Theodore sometimes wonders how it is he's able to be so very comfortable with such a consistently strange life going by around him. Perhaps it's the consistency of the oddities that makes them so easily tolerable, and even pleasant. He looks forward to the surprises that seem to find him, no matter how small. But then, surprises seem to follow Luna wherever she goes, making themselves known where you least expect them. He prefers routine, generally, but even the strangeness has become routine, the coloured tape on the doorframe (marking what?) and the stacks of journals with blank pages.
He's likely to find glossy snips and pieces of ribbon in his pants pockets. Left there, perhaps, so he won't forget her? So he'll look at them just as he's getting on the train to Leave and think
Oh yes. There's a girl at home waiting for me, isn't there?
and turn right around and come back, so she won't be without him. Or at least, this is what she says they're for, when he asks after having finally amassed a collection so large it cannot be contained in the little drawer in his desk.
Or notes. Theodore has a shoebox filled with them, sweet nothings put on paper that he looks forward to finding even if he'll never admit it. Stanza's from her favourite poems, quotes, lines from books she loves—each one boils down to the same thing. A hundred I love you's in a shoebox under the bed, that she can't ever know about.
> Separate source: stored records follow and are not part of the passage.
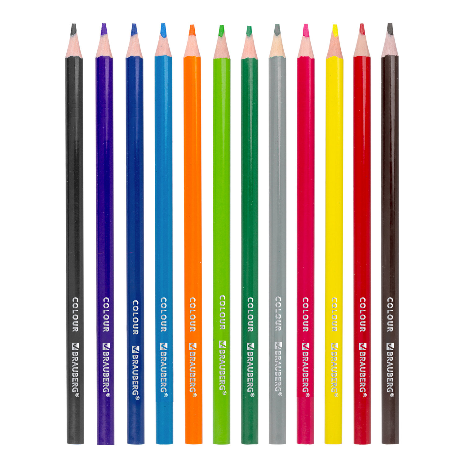 - Карандаши цветные BRAUBERG PREMIUM, 12 цветов, трехгранные, грифель 3 мм, 181661
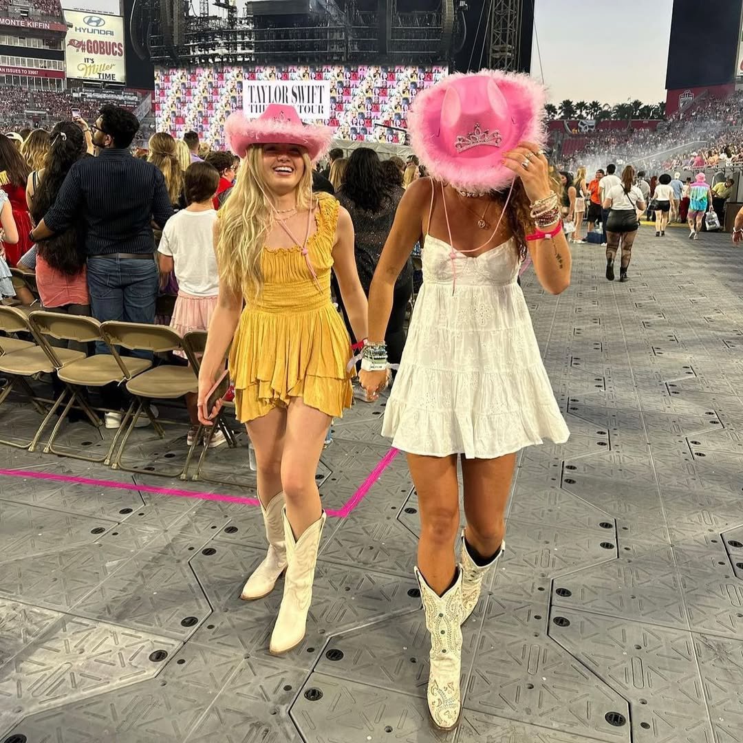 Nothing says main character moment like a babydoll dress at a concert. @boho_pink leans all the way in with a flouncy mustard mini, white cowboy boots, and a fluffy pink hat that feels straight out of a pop anthem. The tiered silhouette moves with every step, giving that carefree, dancing-in-the-aisle energy.
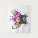 This design features a cute watercolor French Bulldog dressed in a very fashionable black and pink polka dot bow.
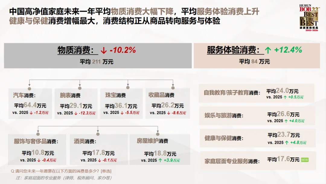 在对未来一年的规划中,高净值家庭的年均物质消费预计将减少24.2万元。
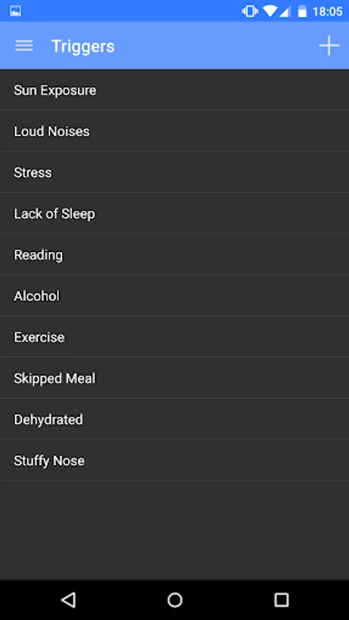 • Track the potential triggers of a headache such as stress, lack of sleep, loud noises, sunlight and many more. Custom triggers can be added as well
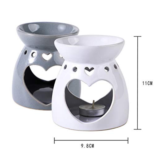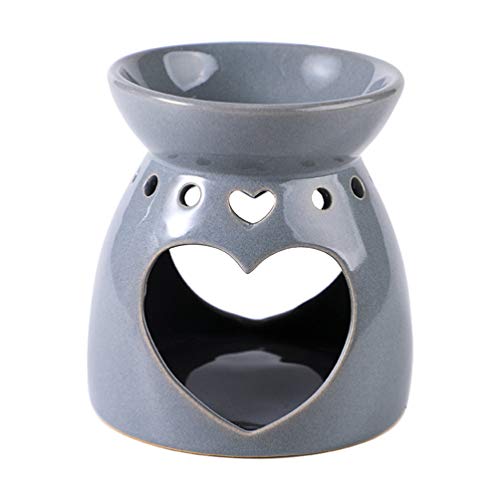Grey Ceramic Tealight Candle Holder Oil Burner Essential Oil Incense Aroma Diffuser Wax Tart Burner Heart Shaped Tea Light Holder for Aromatherapy Spa Yoga

Sometimes he writes notes back, but somehow they always end up in the trash. Crumpled and discarded. All he can think is, why write it down in cryptic ways when he can tell her? Over tea, or in the pauses of conversations. Just slip it in as though it were meant to be there. Whispered quietly in the dark where it's a secret just between the two of them. Where she can whisper it back and even if nothing else is good and true, they at least have that to hold on to.